*** Opening of Provided data ***

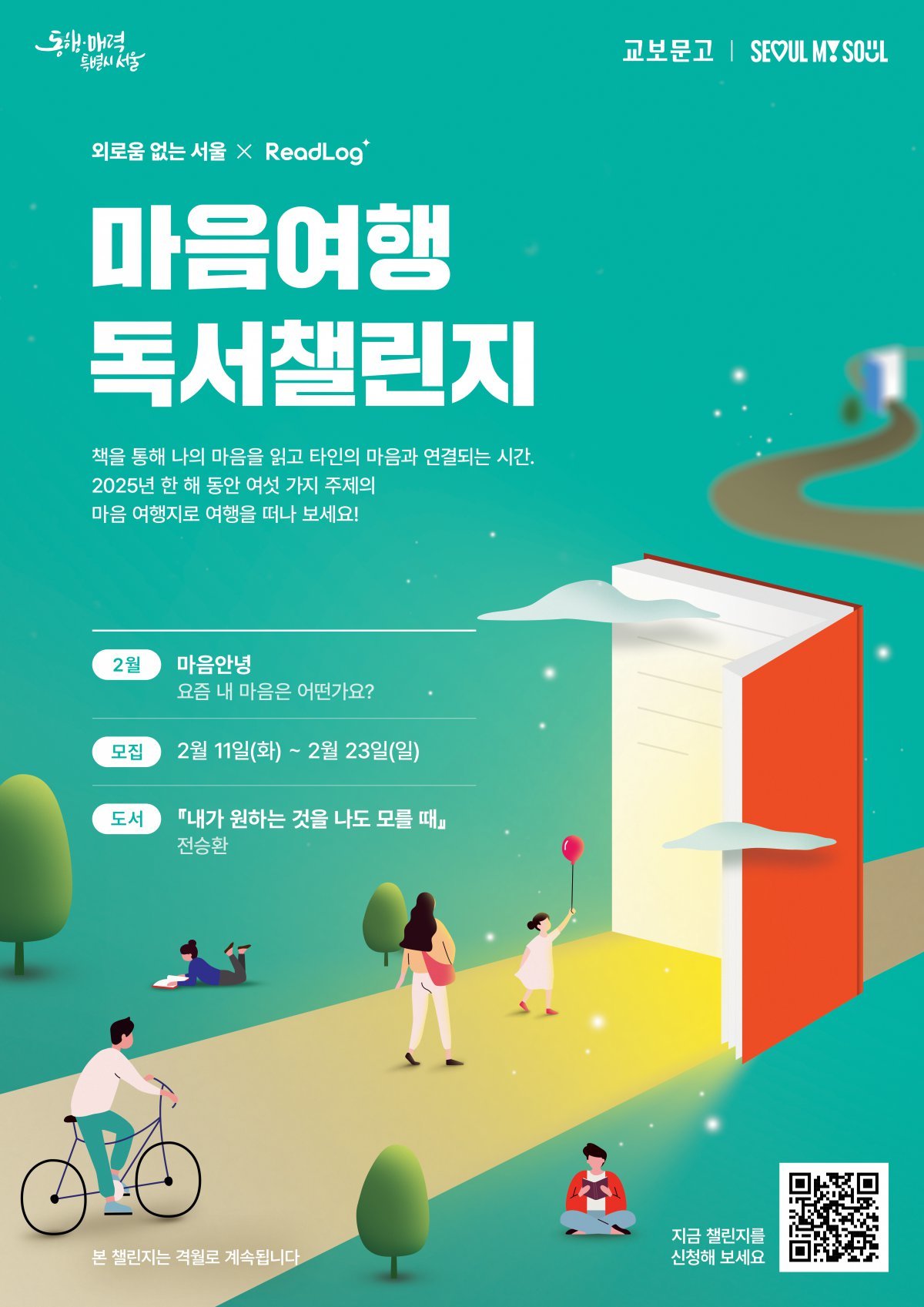 황성원 서울시 고독대응과장은 “교보문고와 함께 기획한 마음여행 독서챌린지를 통해 책을 읽고 기록하면서 정서적 안정감을 얻고 타인과의 관계를 넓혀 외로움을 극복하고 소통의 소중함을 느끼길 바란다”고 말했다.
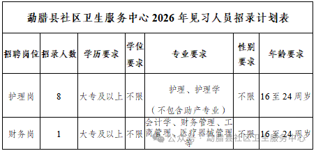 勐臘縣社區(qū)衛(wèi)生服務(wù)中心關(guān)于2026年招聘見習崗工作人員公告
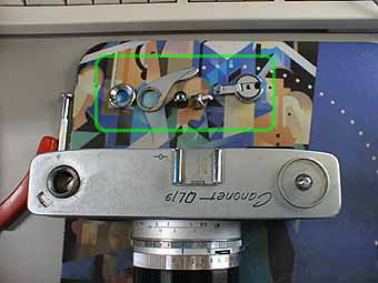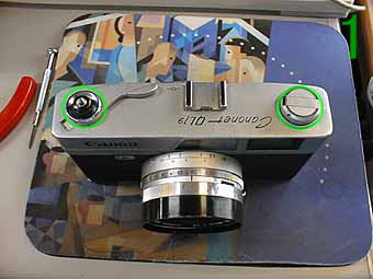 こちらは、ボディ編になります。レンズ編に比べると簡単に作業が出来ます。まずトップカバーの外しかたです。写真1の緑部分の巻き上げレバーと巻き戻しクランクを外します。巻き上げレバーは、QL19の場合カニ目がありませんのですぺりどめゴムなので銀色部分を回してあげると簡単に外れます。巻き戻しクランクは、フィルム室に出ているクランク下部にドライバーなどをはめて回してあげると外れます。右の写真の緑部分に外れた1式のパーツが見えます。あとはボディについている3個所のネジを外すとトップカバーが外れます。 | ![]() |

*** Close of Provided data ***

=== About this exercise ===
Quote everything in the listing above exactly; pictures are the only thing to omit.

=== Written answer ===
 황성원 서울시 고독대응과장은 “교보문고와 함께 기획한 마음여행 독서챌린지를 통해 책을 읽고 기록하면서 정서적 안정감을 얻고 타인과의 관계를 넓혀 외로움을 극복하고 소통의 소중함을 느끼길 바란다”고 말했다.
 勐臘縣社區(qū)衛(wèi)生服務(wù)中心關(guān)于2026年招聘見習崗工作人員公告
 こちらは、ボディ編になります。レンズ編に比べると簡単に作業が出来ます。まずトップカバーの外しかたです。写真1の緑部分の巻き上げレバーと巻き戻しクランクを外します。巻き上げレバーは、QL19の場合カニ目がありませんのですぺりどめゴムなので銀色部分を回してあげると簡単に外れます。巻き戻しクランクは、フィルム室に出ているクランク下部にドライバーなどをはめて回してあげると外れます。右の写真の緑部分に外れた1式のパーツが見えます。あとはボディについている3個所のネジを外すとトップカバーが外れます。 | ![]() |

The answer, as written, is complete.